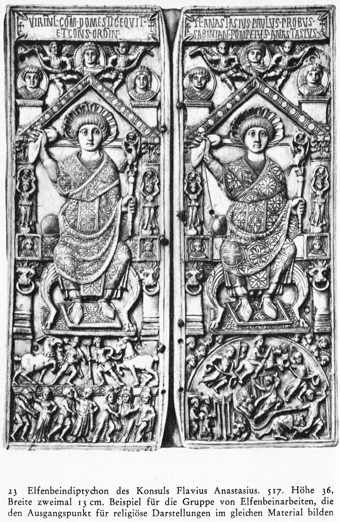23. Elfenbeindiptychon des Konsuls Flavius Anastasius. 517. Höhe 36, Breite zweimal 13 cm. Beispiel für die Gruppe von Elfenbeinarbeiten, die den Ausgangspunkt für religiöse Darstellungen im gleichen Material bilden
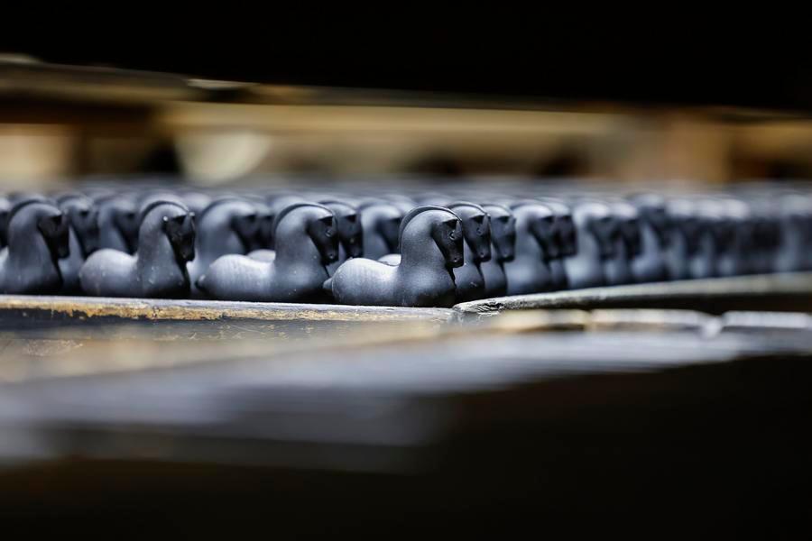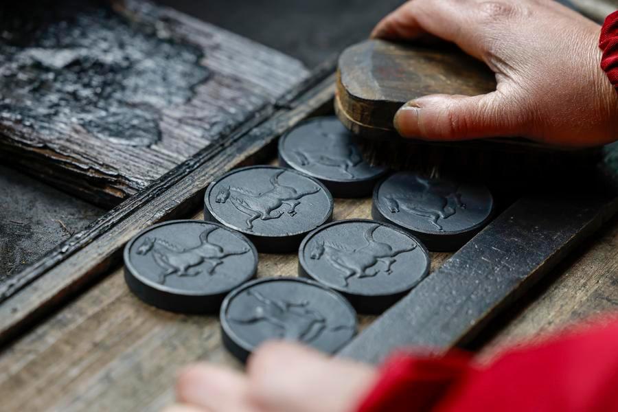 11日、老胡開文墨廠で作られている「立体唐馬墨」。(黄山=新華社配信/施亜磊)
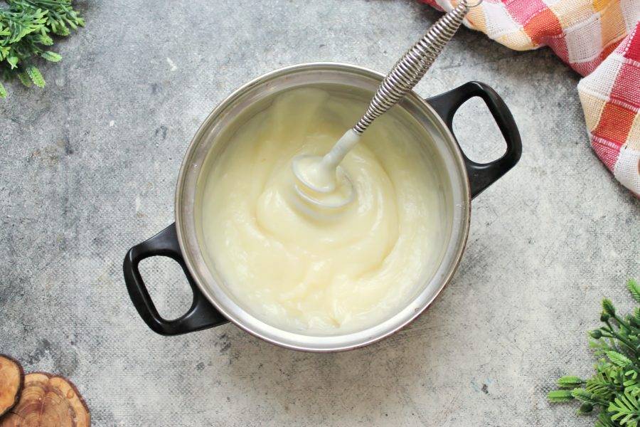 Остальное молоко доведите до кипения и тонкой струйкой, все время, мешая, влейте в кастрюлю. Все хорошо перемешайте до однородной массы.
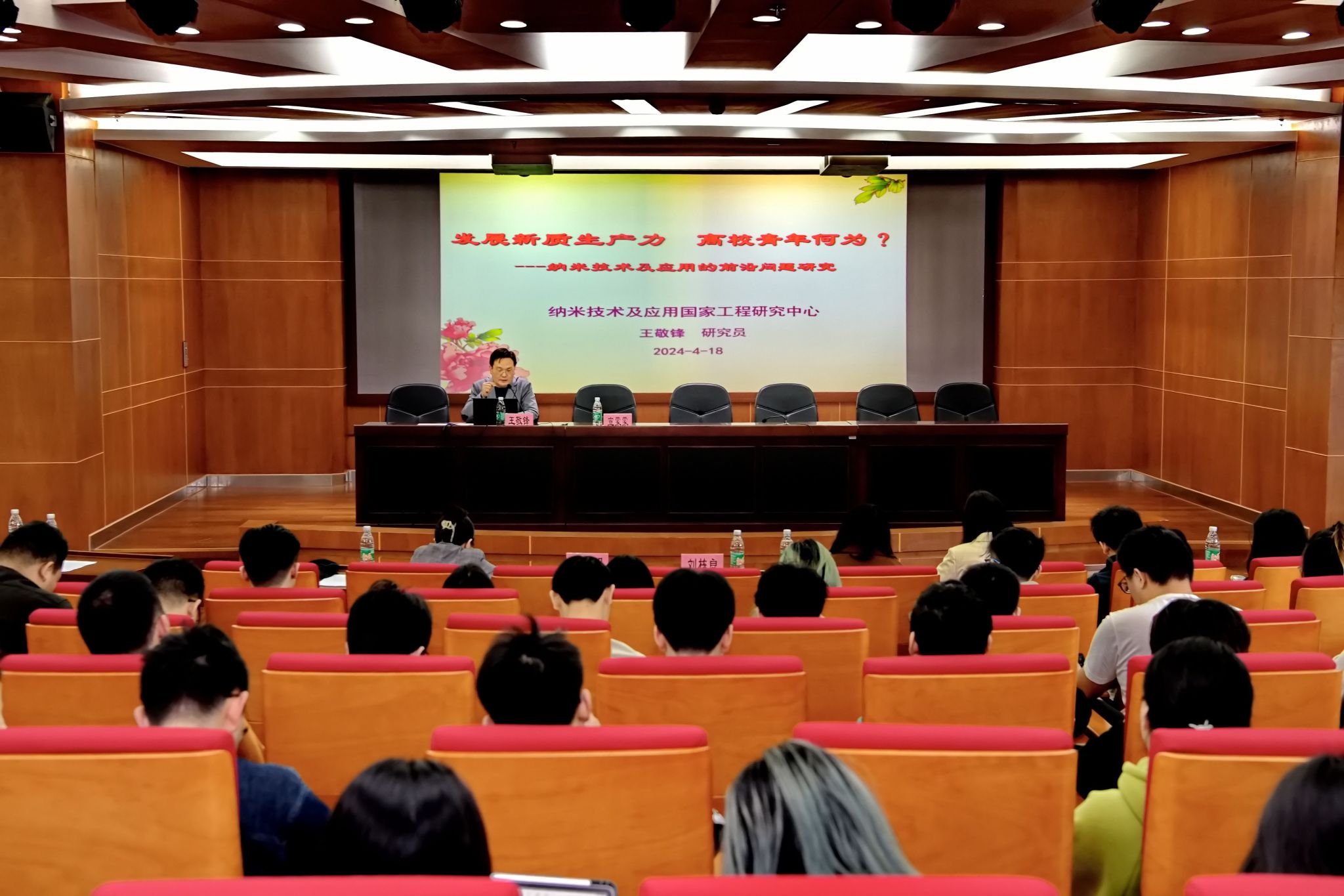 上海工匠、闵行领军人才、上海纳米技术及应用国家工程研究中心有限公司党支部书记、研发主管王敬锋博士带来了首场学术报告,他以“发展新质生产力,高校青年何为?——纳米技术及应用的前沿问题研究”为题,分享了当前纳米技术及应用的前沿问题以及自己的科研经验,并对青年学子如何做好科研提出了希望和建议。
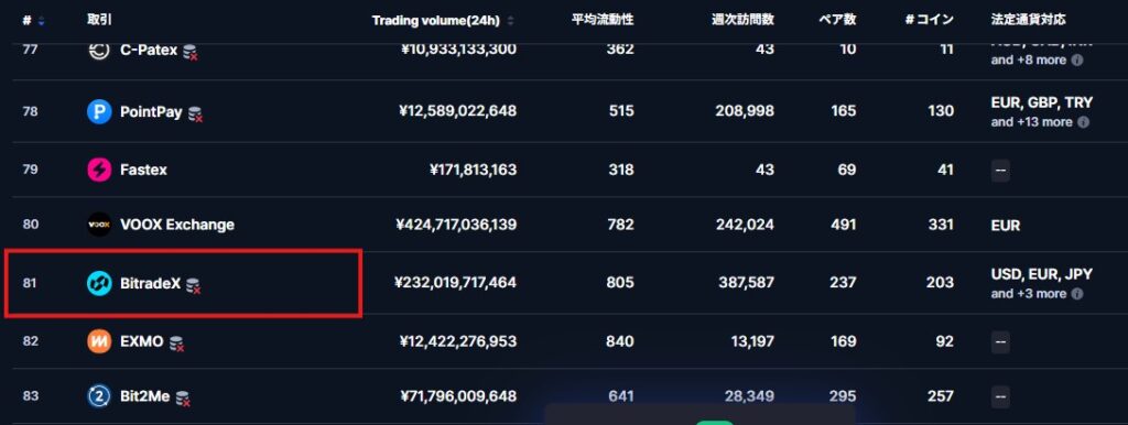 これは世界最大の取引所であるバイナンスとほぼ同水準であり、2026年3月時点ではコインマーケットキャップで世界トップ100位以内にランクインしています。
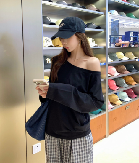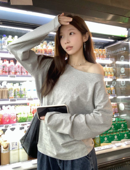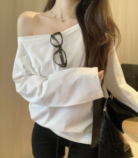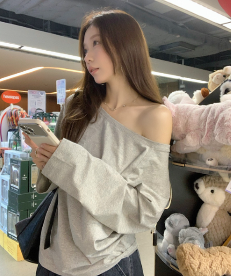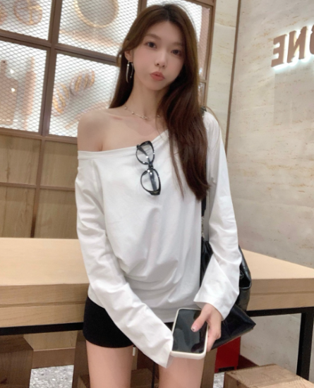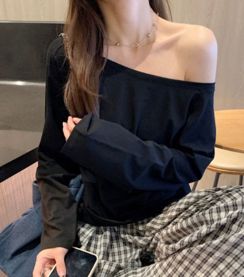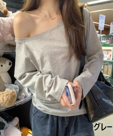 長袖Tシャツ レディース トップス カットソー ロンT オフショルダー ワンショルダー 肩出し 肌見せ セクシー シンプル 無地 プルオーバー ゆったり ルーズ カジュアル お出かけ おしゃれ 女性
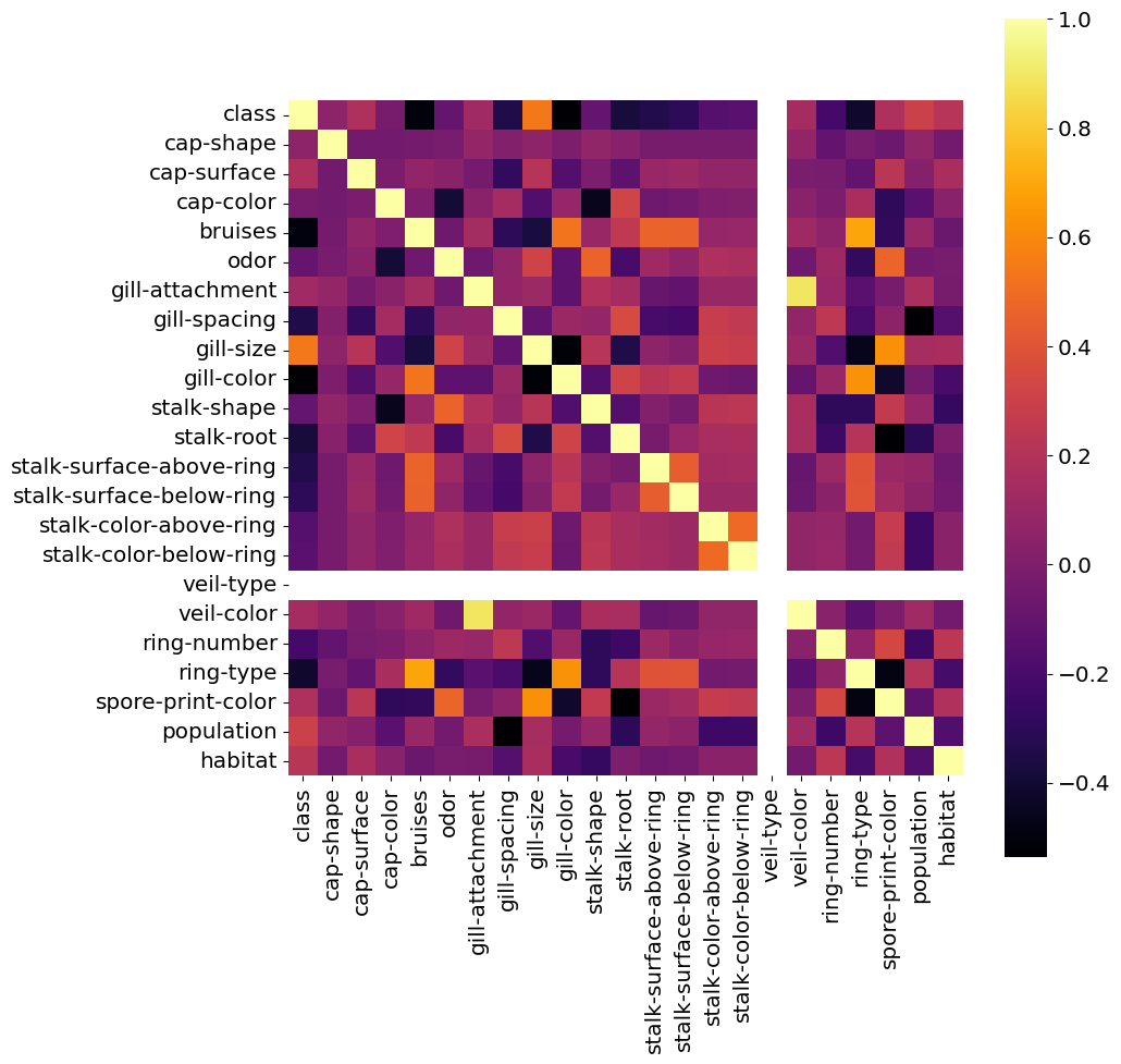 sns.heatmap(mush_encoded.corr(), cmap='inferno', square=True)
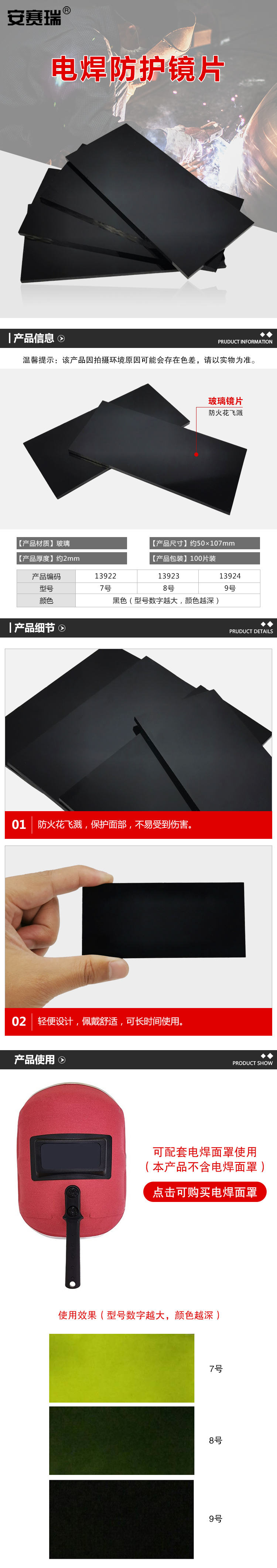 9号黑色镜片,型号数字越大颜色越深,能有效阻挡电焊强光
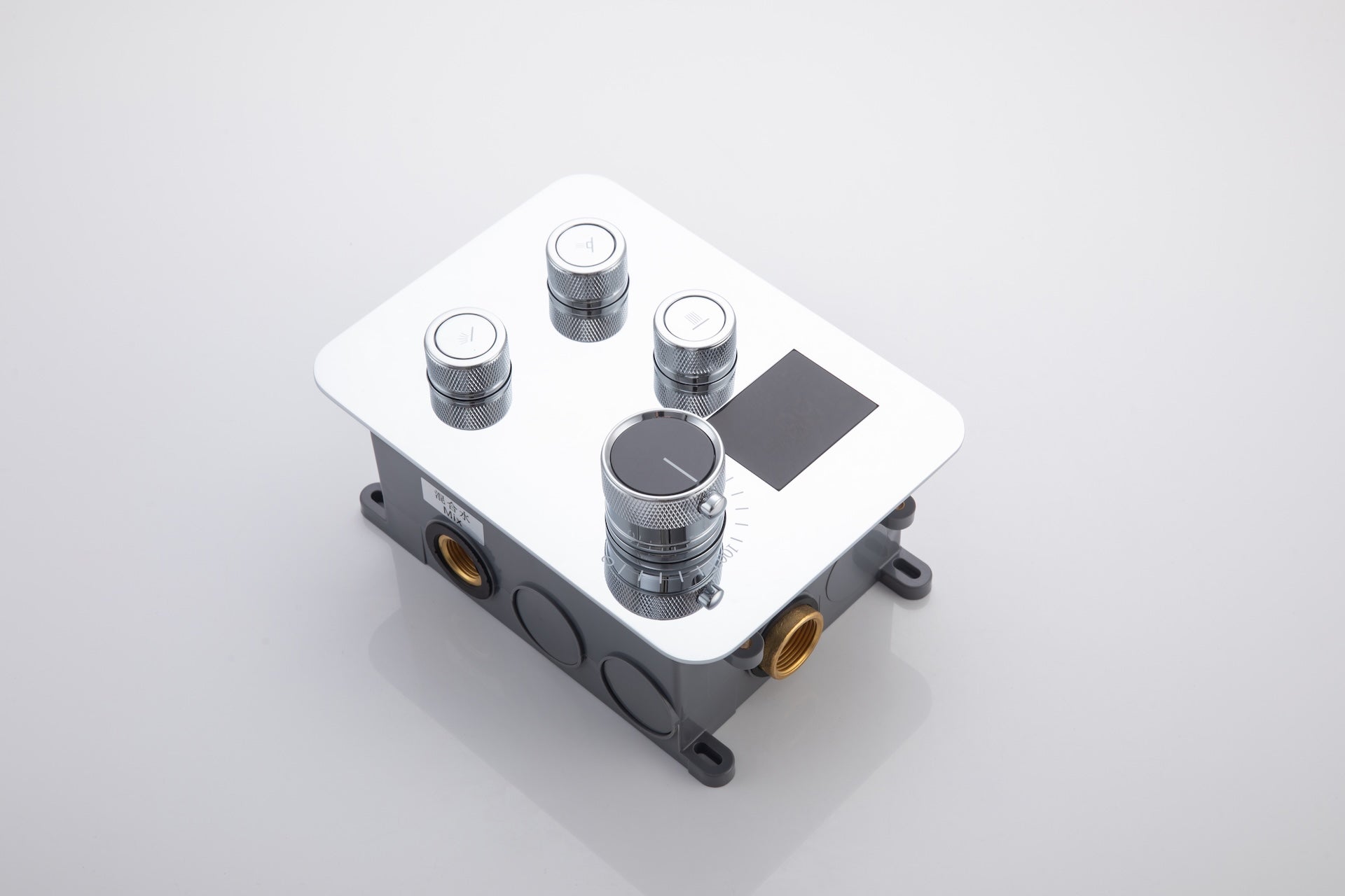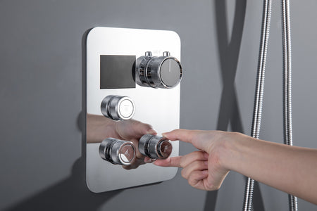 The 3-way thermostatic digital display is made from brass and features a chrome finish. The valve control allows each function to work together or separately. The digital display operates by water flow, eliminating the need for batteries. It includes a three-function thermostatic, anti-scald setting, and adjustable water flow and pressure via knobs.

§ §

EXERCISE DETAILS:
Please write out the lines above exactly, from the one that contains "11日、老胡開文墨廠で作られている「立体唐馬墨」。(黄山=新華社配信/施亜磊)" through the final line, and include none of the pictures.

THE COMPLETED TASK:
 11日、老胡開文墨廠で作られている「立体唐馬墨」。(黄山=新華社配信/施亜磊)
 Остальное молоко доведите до кипения и тонкой струйкой, все время, мешая, влейте в кастрюлю. Все хорошо перемешайте до однородной массы.
 上海工匠、闵行领军人才、上海纳米技术及应用国家工程研究中心有限公司党支部书记、研发主管王敬锋博士带来了首场学术报告,他以“发展新质生产力,高校青年何为?——纳米技术及应用的前沿问题研究”为题,分享了当前纳米技术及应用的前沿问题以及自己的科研经验,并对青年学子如何做好科研提出了希望和建议。
 これは世界最大の取引所であるバイナンスとほぼ同水準であり、2026年3月時点ではコインマーケットキャップで世界トップ100位以内にランクインしています。
 長袖Tシャツ レディース トップス カットソー ロンT オフショルダー ワンショルダー 肩出し 肌見せ セクシー シンプル 無地 プルオーバー ゆったり ルーズ カジュアル お出かけ おしゃれ 女性
 sns.heatmap(mush_encoded.corr(), cmap='inferno', square=True)
 9号黑色镜片,型号数字越大颜色越深,能有效阻挡电焊强光
 The 3-way thermostatic digital display is made from brass and features a chrome finish. The valve control allows each function to work together or separately. The digital display operates by water flow, eliminating the need for batteries. It includes a three-function thermostatic, anti-scald setting, and adjustable water flow and pressure via knobs.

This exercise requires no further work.